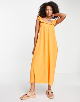 Only - Maxi jurk met bandjes met ruches in feloranje
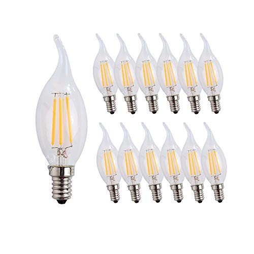 Lampadine a Fiamma di Candela LED E14, 4W Lampada a Filamento, Bianca Calda 2700K, 400 Lumen, 4W Equivalenti a 40W, 360° Angolo Luminoso, Non Dimmerabile, 12 Pezzi
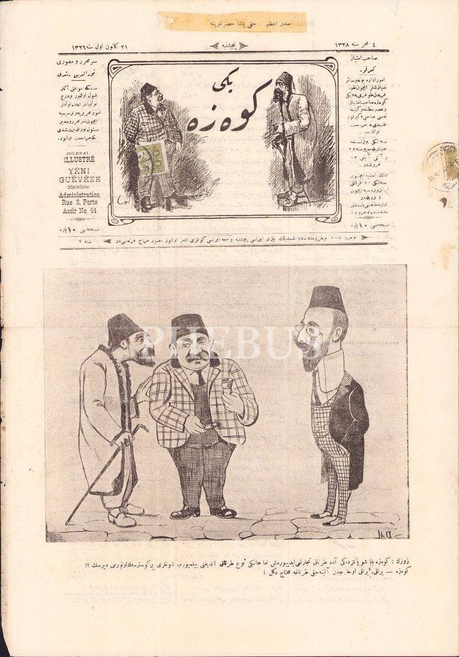 Osmanlıca Yeni Geveze Gazetesi, 21 Kanunuevvel 1326, "Sadrazam Hakkı Paşa Hazretlerine etiketli", 4 sayfa, 28x40 cm
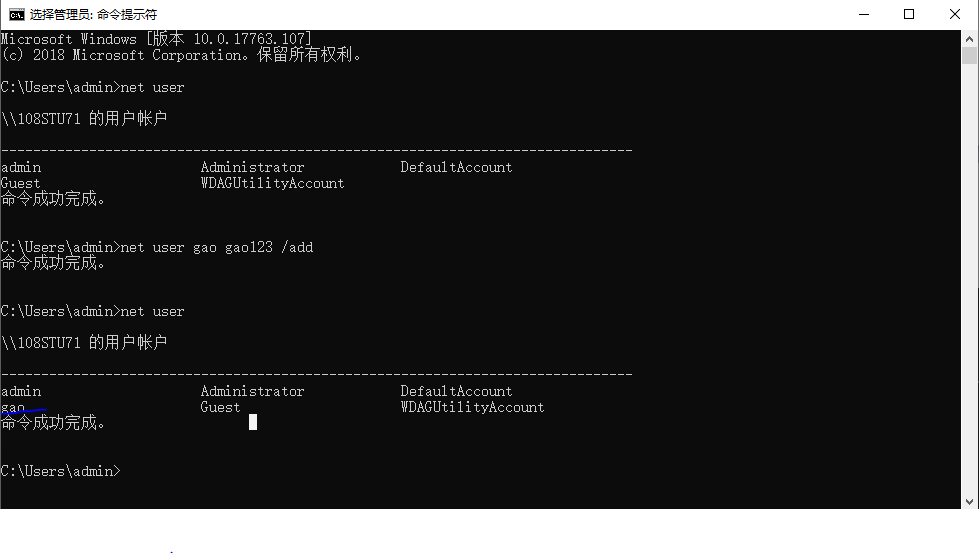 1.在windows xp系统中使用 net user gao gao123 /add添加用户gao,密码gao123的账户(用户名和密码可以自己设定);并使用net user命令确定用户添加成功。
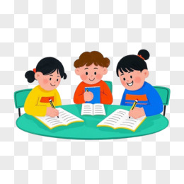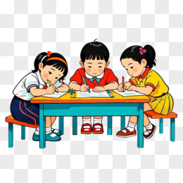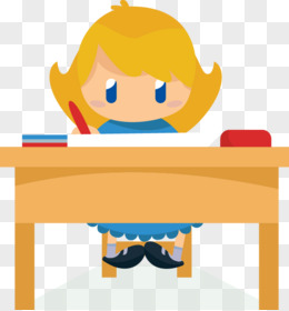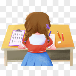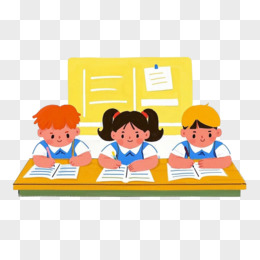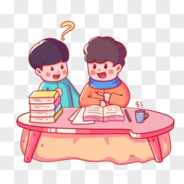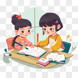 卡通风开学季两个学生在课桌上做作业免抠元素
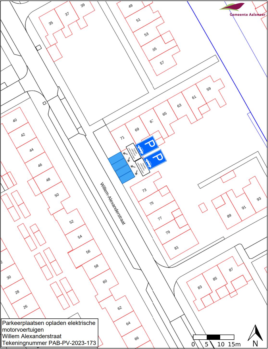 Burgemeester en wethouders van Aalsmeer besluiten om in de Willem Alexanderstraat vier parkeerplaatsen aan te wijzen als parkeerplaats voor het opladen van elektrische motorvoertuigen. De parkeerplaatsen mogen alleen gebruikt worden voor het opladen van deze elektrische motorvoertuigen.

■ **What you will do**
Set the pictures aside and reproduce exactly the lines above, from the line holding "Osmanlıca Yeni Geveze" through the line holding "卡通风开学季两个学生在课桌上做作业免抠元素", both included, with nothing else.

■ **Exercise response**
 Osmanlıca Yeni Geveze Gazetesi, 21 Kanunuevvel 1326, "Sadrazam Hakkı Paşa Hazretlerine etiketli", 4 sayfa, 28x40 cm
 1.在windows xp系统中使用 net user gao gao123 /add添加用户gao,密码gao123的账户(用户名和密码可以自己设定);并使用net user命令确定用户添加成功。
 卡通风开学季两个学生在课桌上做作业免抠元素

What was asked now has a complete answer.